Ich leide seit Jahren unter Migräne, bei mir ist der Auslöser Gestagen. Also leider die Pille, beziehungsweise wenn ein gewisser Pegel abfällt im Blut tritt bei mir die Migräne auf. Wenn ich die Pille nicht nehme bin ich Migräne frei, kann es sein das deine Mutter auch auf einen bestimmten Wirkstoff reagiert? Oder das es bei ihr auch mit der Regel zu tun hat? Das ist bei Frauen mit der Hauptgrund das eine Migräne auftritt.

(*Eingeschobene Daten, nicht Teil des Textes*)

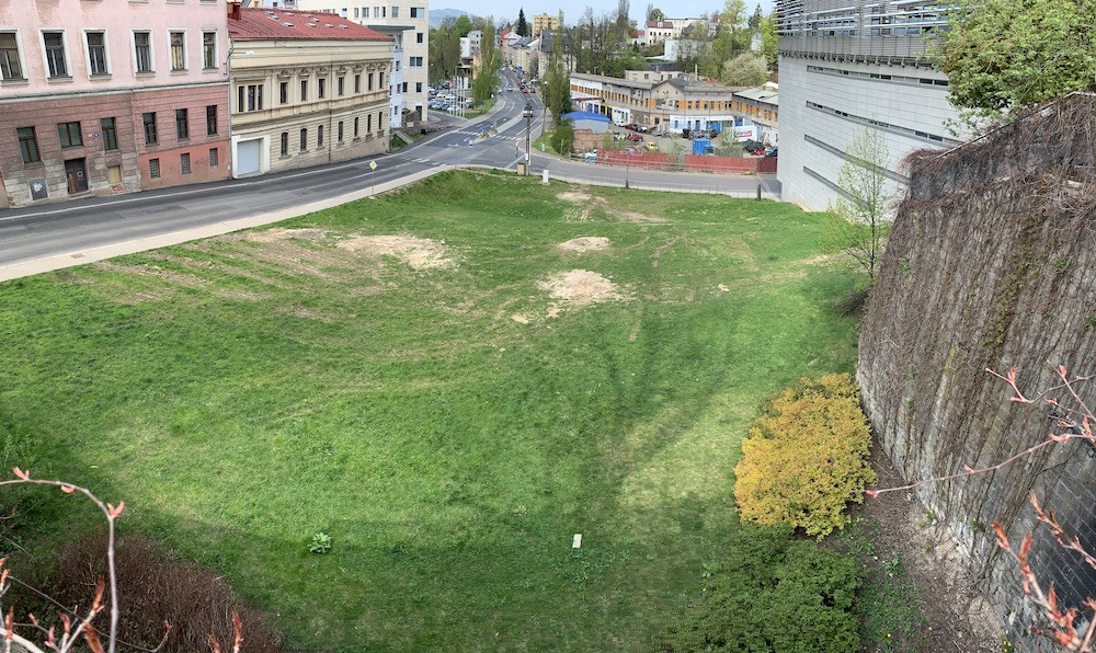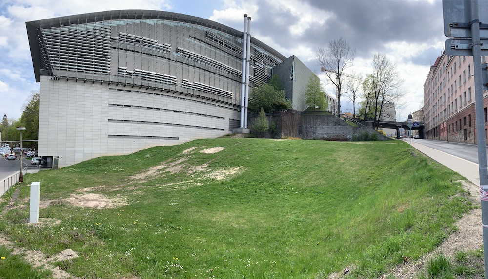 Jabloň ve skleněném tubusu. Pod knihovnou má vyrůst památník policistům, kteří zemřeli ve službě

Die Migräne kann sich auch an anderen Stellen des Kopfes bemerkbar machen. Es ist nicht immer die gleiche Stelle. Deine Mutter sollte sich eine zweite Meinung einholen, bevor sie zu stark Dosierte Tabletten nimmt. Bei einer Migräne fängt man nicht immer direkt mit einer Hammer Dosis an, das müssen die betroffenen für sich selber in einer längeren Phase herausfinden wie viel Wirkstoff genommen werden muss. Sie wird auch ein Migränetagebuch führen müssen, daran kann erkannt werden unter welchen Lebensumständen der Scherz auftritt. Ich wünsche deiner Mutter alles gute und das sie lange ohne Schub bleibt.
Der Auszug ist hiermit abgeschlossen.